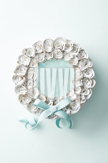 A light blue circle gift box is embellished with paper flowers and a blue ribbon bow.
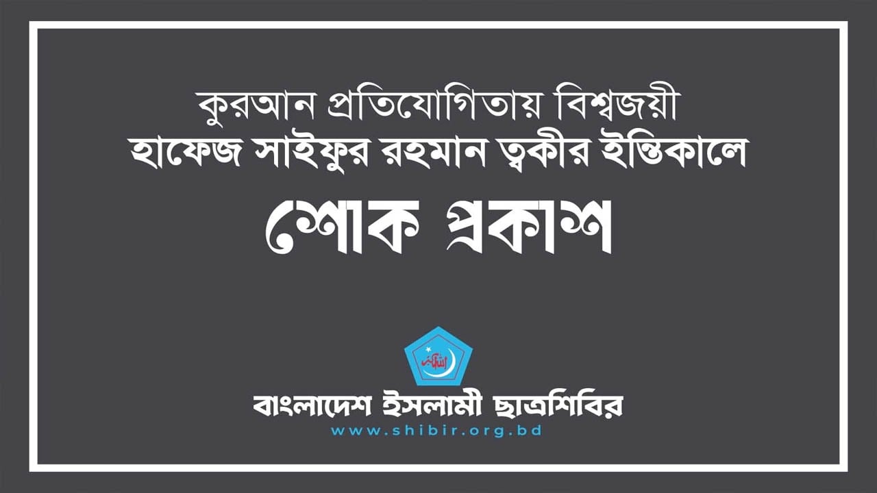 শোকবাণীতে নেতৃবৃন্দ বলেন, হাফেজ সাইফুর রহমান ত্বকী জর্ডান, কুয়েত ও বাহরাইনের আন্তর্জাতিক হিফজুল কুরআন প্রতিযোগিতায় প্রথম স্থান অর্জনের মাধ্যমে বাংলাদেশের নাম বিশ্বমঞ্চে উজ্জ্বল করেছিলেন। তার এই অর্জন মুসলিম বিশ্বের তরুণদের জন্য অনুপ্রেরণার উৎস হয়ে থাকবে।
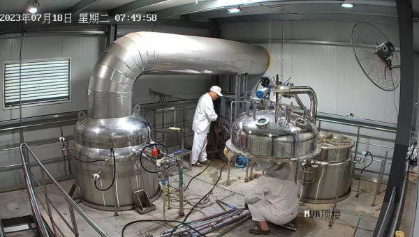 林场集团所属无锡太阳绿宝公司,MVR浓缩车间人员根据生产需要,不定期对从上至下整套设备、管道进行彻底清洗,确保过程(中间)产品符合卫生质量要求。(摄影:周跃辉)
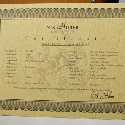 Trotz der charmanten „Indie Rock“-Attitude ist die „Piet“ ohne Frage eine echte Nik Huber Gitarre: Die in jeglicher Hinsicht perfekte Machart, die gelungene Formgebung & Haptik, die angenehme Bespielbarkeit sowie Details wie das gebürstete Tortoise von Pickguard, E-Fach Backplate und Trussrod-Cover.
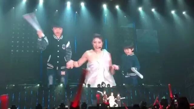 冬至(12月22日)晚上,Kelly的演唱会上出现了两位超级嘉宾——她的两个宝贝儿子,6岁的大儿子“虾饺仔”刘升及3岁的么子“小龙包”刘琛,两兄弟非常可爱,与观众一起挥动荧光棒,全场掌声如雷。陈慧琳的丈夫Alex则在台下笑着拍照,一家四口非常温馨。
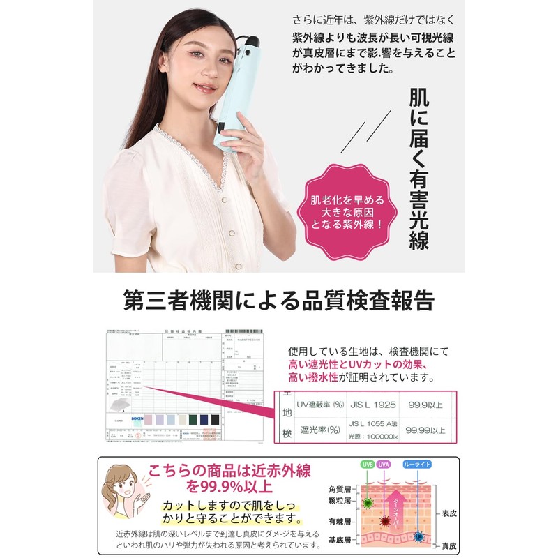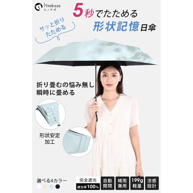Parasol, Lightweight, 6.3 - 7.8 oz (189 - 199 g), UV Protection, 100% Full Light Blocking, Heat Blocking, One-Touch Automatic Opening/Closing Umbrella, Compact, Folding Parasol, UV Protection

[ABOUT THIS EXERCISE]
Go through the records above and write out every line exactly, passing over the pictures.

[RESULT FOR THIS EXERCISE]
 A light blue circle gift box is embellished with paper flowers and a blue ribbon bow.
 শোকবাণীতে নেতৃবৃন্দ বলেন, হাফেজ সাইফুর রহমান ত্বকী জর্ডান, কুয়েত ও বাহরাইনের আন্তর্জাতিক হিফজুল কুরআন প্রতিযোগিতায় প্রথম স্থান অর্জনের মাধ্যমে বাংলাদেশের নাম বিশ্বমঞ্চে উজ্জ্বল করেছিলেন। তার এই অর্জন মুসলিম বিশ্বের তরুণদের জন্য অনুপ্রেরণার উৎস হয়ে থাকবে।
 林场集团所属无锡太阳绿宝公司,MVR浓缩车间人员根据生产需要,不定期对从上至下整套设备、管道进行彻底清洗,确保过程(中间)产品符合卫生质量要求。(摄影:周跃辉)
 Trotz der charmanten „Indie Rock“-Attitude ist die „Piet“ ohne Frage eine echte Nik Huber Gitarre: Die in jeglicher Hinsicht perfekte Machart, die gelungene Formgebung & Haptik, die angenehme Bespielbarkeit sowie Details wie das gebürstete Tortoise von Pickguard, E-Fach Backplate und Trussrod-Cover.
 冬至(12月22日)晚上,Kelly的演唱会上出现了两位超级嘉宾——她的两个宝贝儿子,6岁的大儿子“虾饺仔”刘升及3岁的么子“小龙包”刘琛,两兄弟非常可爱,与观众一起挥动荧光棒,全场掌声如雷。陈慧琳的丈夫Alex则在台下笑着拍照,一家四口非常温馨。
Parasol, Lightweight, 6.3 - 7.8 oz (189 - 199 g), UV Protection, 100% Full Light Blocking, Heat Blocking, One-Touch Automatic Opening/Closing Umbrella, Compact, Folding Parasol, UV Protection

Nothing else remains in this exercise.